• **Assignment**
Copy out the data in full and exactly, passing over the pictures.

• **Information provided**

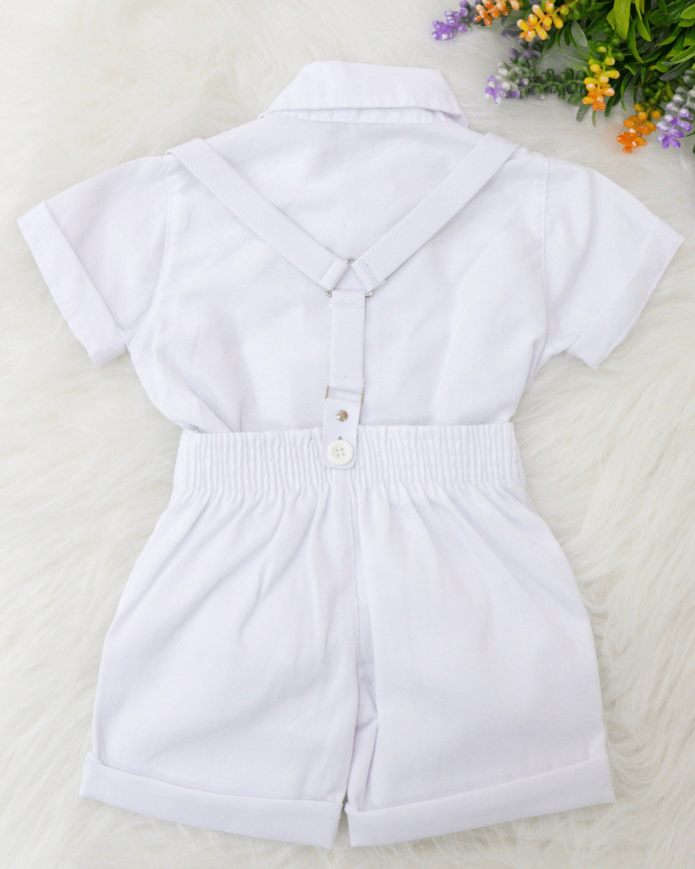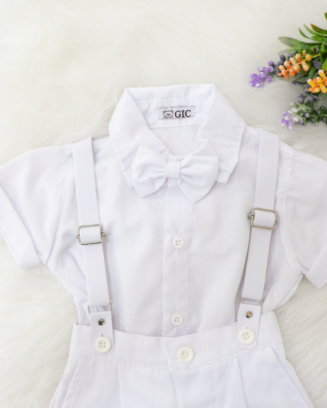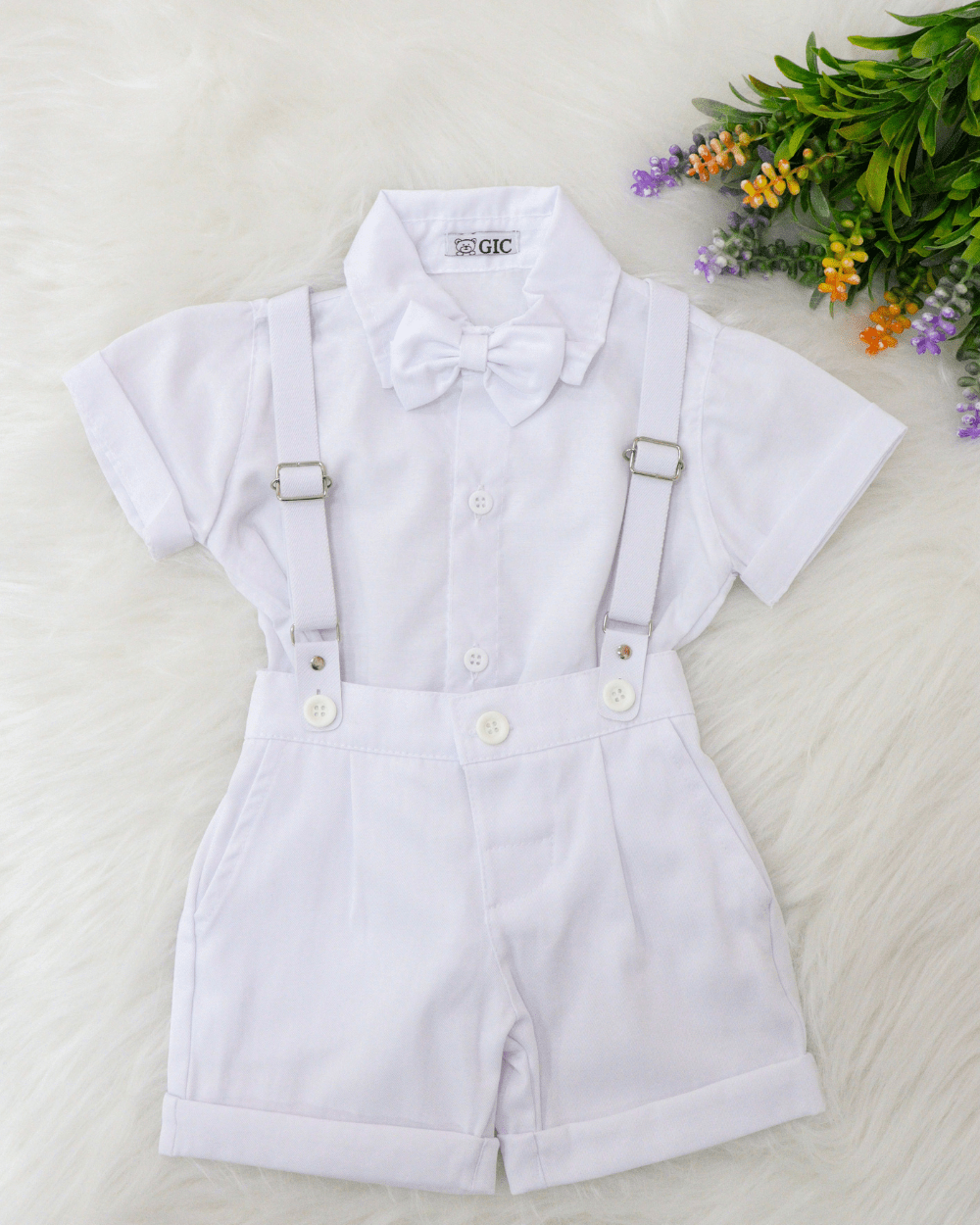 Conjunto curto masculino GIC, o modelo acompanha 1 Suspensório, 1 camisa manga curta, 1 bermuda e 1 gravata borboleta..
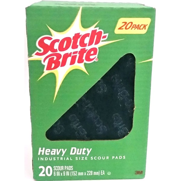- ORIGINAL Scotch Brite Box as shown in the PICTURE. SIZE 6in X 9in. Perfect for tough baked on messes, the heavy duty Industrial Size scouring power of Scotch-Brite pads is sized right for larger areas and faster results. Each scours up to 50% faster.
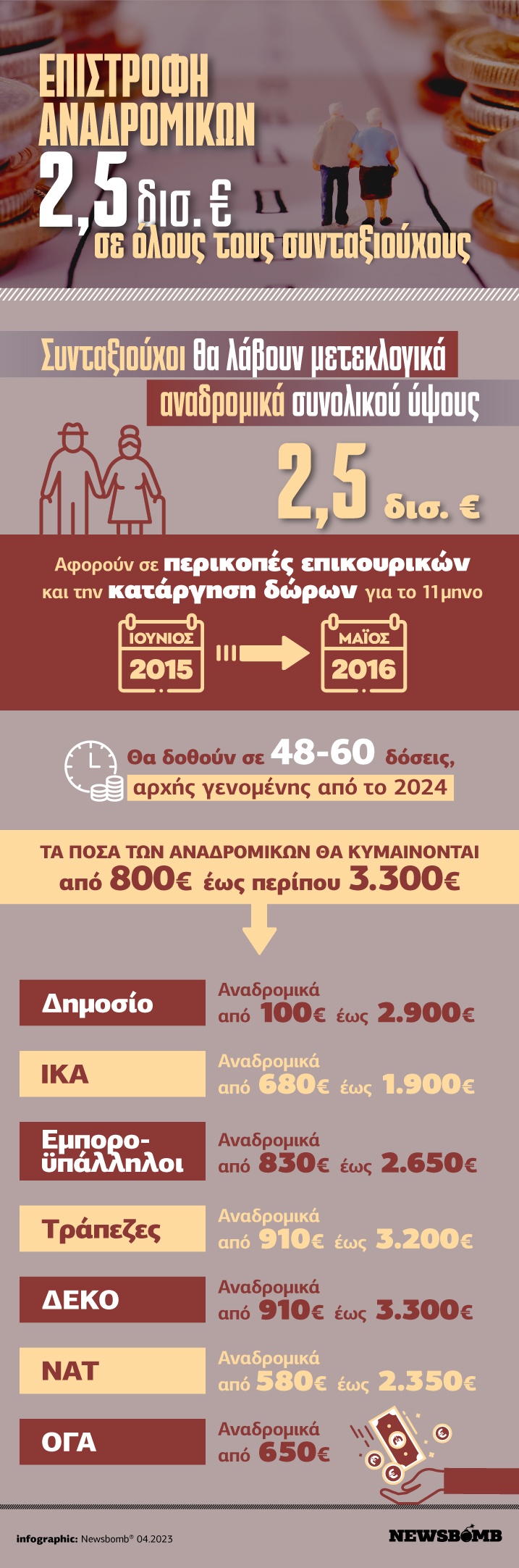 Το πιθανότερο ενδεχόμενο προβλέπει τα αναδρομικά, συνολικού ύψους 2,5 δισ. ευρώ, να δοθούν σε δόσεις, αρχής γενομένης από το 2024, σε βάθος τετραετίας ή πενταετίας.

• **Expected output**
 Conjunto curto masculino GIC, o modelo acompanha 1 Suspensório, 1 camisa manga curta, 1 bermuda e 1 gravata borboleta..
- ORIGINAL Scotch Brite Box as shown in the PICTURE. SIZE 6in X 9in. Perfect for tough baked on messes, the heavy duty Industrial Size scouring power of Scotch-Brite pads is sized right for larger areas and faster results. Each scours up to 50% faster.
 Το πιθανότερο ενδεχόμενο προβλέπει τα αναδρομικά, συνολικού ύψους 2,5 δισ. ευρώ, να δοθούν σε δόσεις, αρχής γενομένης από το 2024, σε βάθος τετραετίας ή πενταετίας.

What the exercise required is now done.